There is a wonderful food food-friendly nature to the wines, as well as a modest price tag on most bottles.
Here is a quick rundown on some of the appellations.
SANCERRE / POUILLY-FUMÉ / MENETOU-SALON / QUINCY
Main grapes: Sauvignon Blanc, Pinot Noir
One of the more famous of the Loire appellations is Sancerre, which is known for its elegant and expensive Sauvignon Blanc wines. The neighbouring appellations of Pouilly-Fumé and Menetou-Salon also provide wonderful Sauvignons but often at a much more affordable price.
There is a small amount of Pinot Noir grown in these appellations, and it has a wonderful, light quality with notes of crushed strawberries and soft tannins.
CHEVERNY / COUR-CHEVERNY
Main grapes: Romorantin, Gamay, Sauvignon Blanc
Odds are that none of us will ever come across a bottle of wine from these two small appellations without travelling to the region. But if you do ever have the opportunity to taste a Cour-Cheverny wine, I have heard that it is a wonderful experience.

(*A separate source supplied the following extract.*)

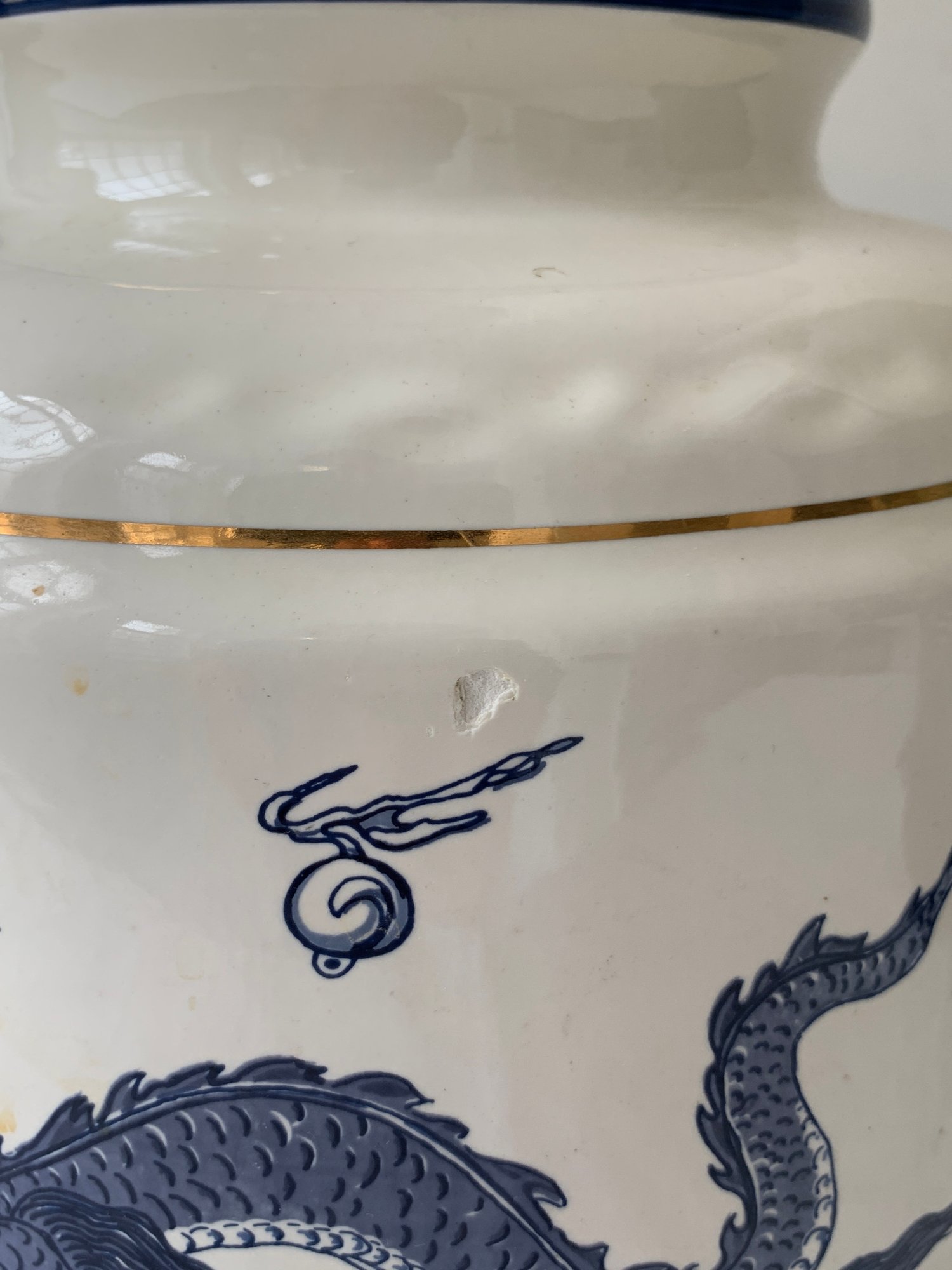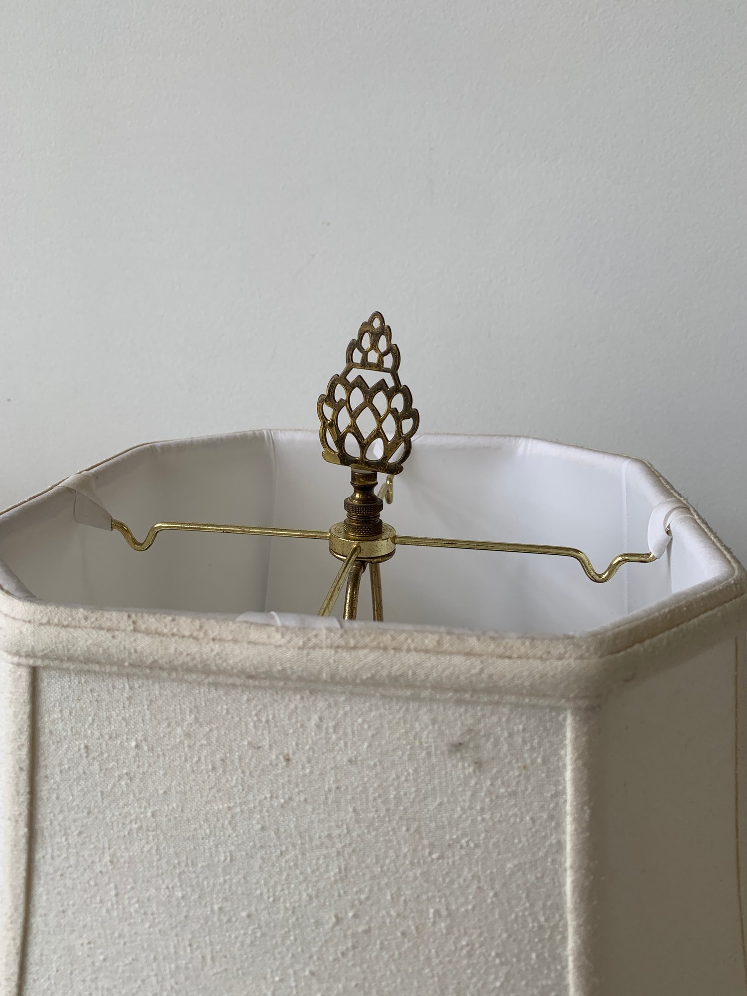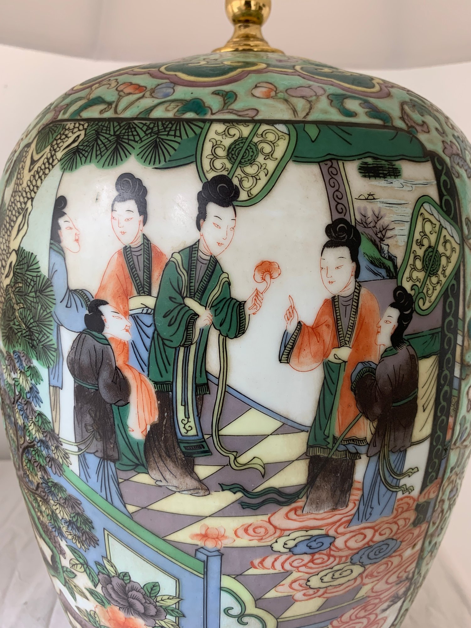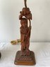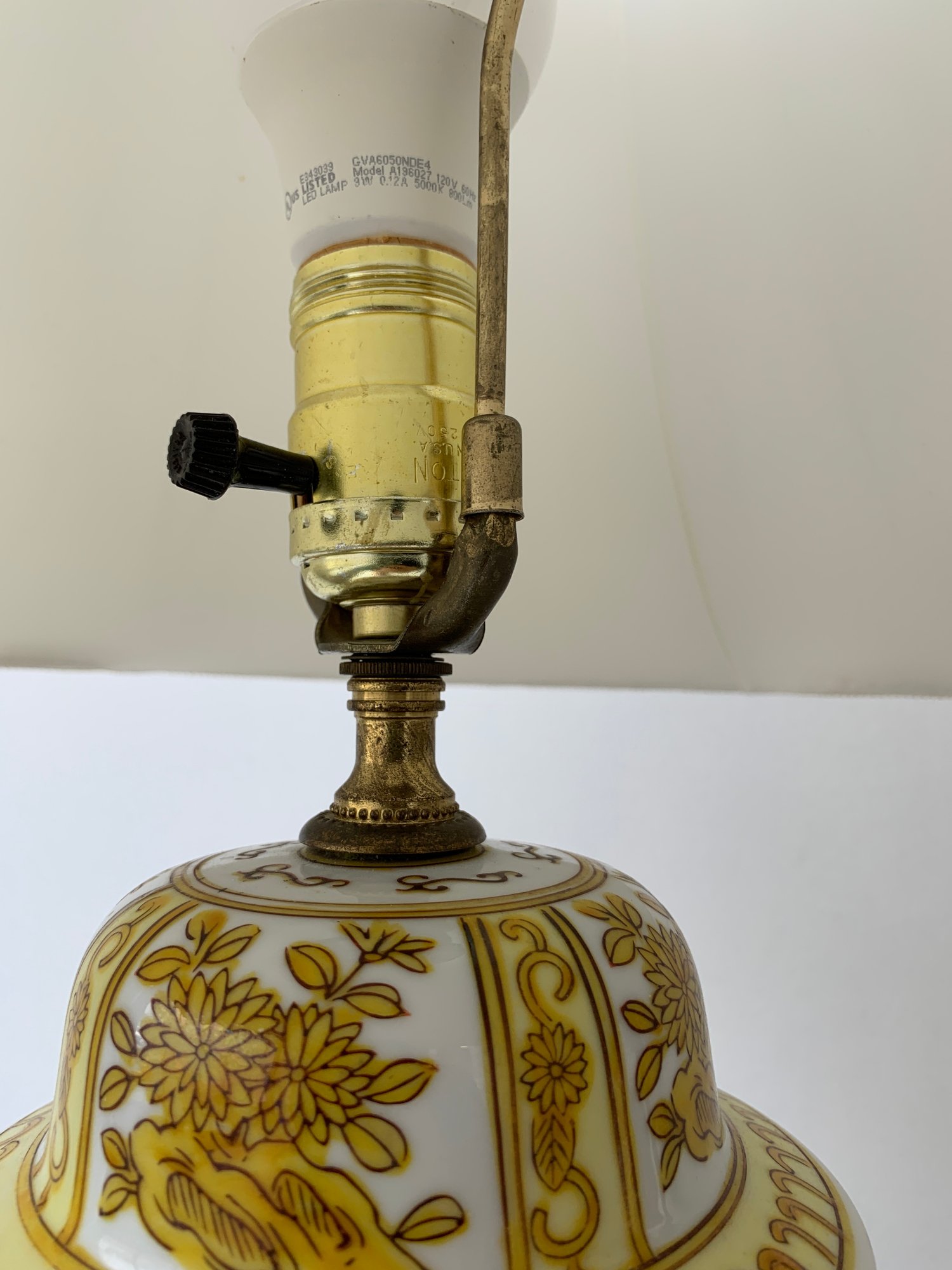 3 lamps are porcelain , 1 lamp is carved wood. Blue and white lamp marked Westwood industries, all lamps have silk shades.

The wine consists of the incredible rare, ancestral variety Romorantin grape. Only about 60 hectares are left in France. Romorantin carries aromas of white peaches and honeysuckle, yet delivers a refreshing tartness.
There are also great red and white blends and rosés from Cheverny that are affordable and pair well with food.
Main grapes: Sauvignon Blanc, Gamay, Pineau d’Aunis, Côt, Menu Pineau
Along with Romorantin, the ancestral Pineau d’Aunis grape is one to look for from the Loire Valley. There are about 400 hectares left in France and it produces light, peppery reds and delicious berry-hued rosés.
Overall, Touraine offers great value. Its Gamay wines are very good, with just a hint of tannins.
Main grape: Chenin Blanc
Vouvray is where Chenin Blanc is grown. Vouvray is perhaps as well-known as Sancerre, although its wines haven’t yet become as expensive. In Vouvray, only Chenin Blanc is produced, and it delivers a special minerality. There are also some delicious sparkling crémant wines made of Chenin Blanc in Vouvray.
In Anjou, a much larger neighbouring appellation, the Chenin Blanc tend to be smoky and mineral but also somewhat full-bodied. The whites are usually 100 percent Chenin, but some have a small portion of Sauvignon blended in.
Red wines from Anjou are nicely balanced, with just enough roundness to complement the minerality. If you are a fan of sweet wines, the Coteaux du Layon appellation, located within Anjou produces a late-harvest wine made from Chenin.
Main grape: Chenin Blanc
This tiny appellation produces only Chenin Blanc grapes. It’s a highly regarded area whose wines tend to age very well.
CHINON / BOURGEUIL / SAUMUR / SAUMUR CHAMPIGNY
Main grapes: Cabernet Franc, Cabernet Sauvignon, Chenin Blanc
Cabernet Franc is a beautiful, elegant, and sometimes powerful red grape that defines these neighboring appellations. The style here is to not let oak overpower the wine. There are light and fresh Cabernet Franc that’s perfect to toss in the fridge and then sip on the patio or pair with pizza, as well as serious, aged Cabernet Franc that deserves a decanter and contemplation.
Main grape: Melon de Bourgogne
The unique white variety known as Melon de Bourgogne is mainly found in this coastal region. “Muscadet” is a nickname that developed to refer specifically to this white wine from this region. It is always dry, floral, easy to drink, and well-priced. It pairs well with oysters, seafood, or linguini with clams.
Personally, prior to the COVID-19 pandemic, I was investigating opportunities to take a river cruise through the Loire Valley and experience the region firsthand. Hopefully, once life returns to “normal” I will get to visit one day.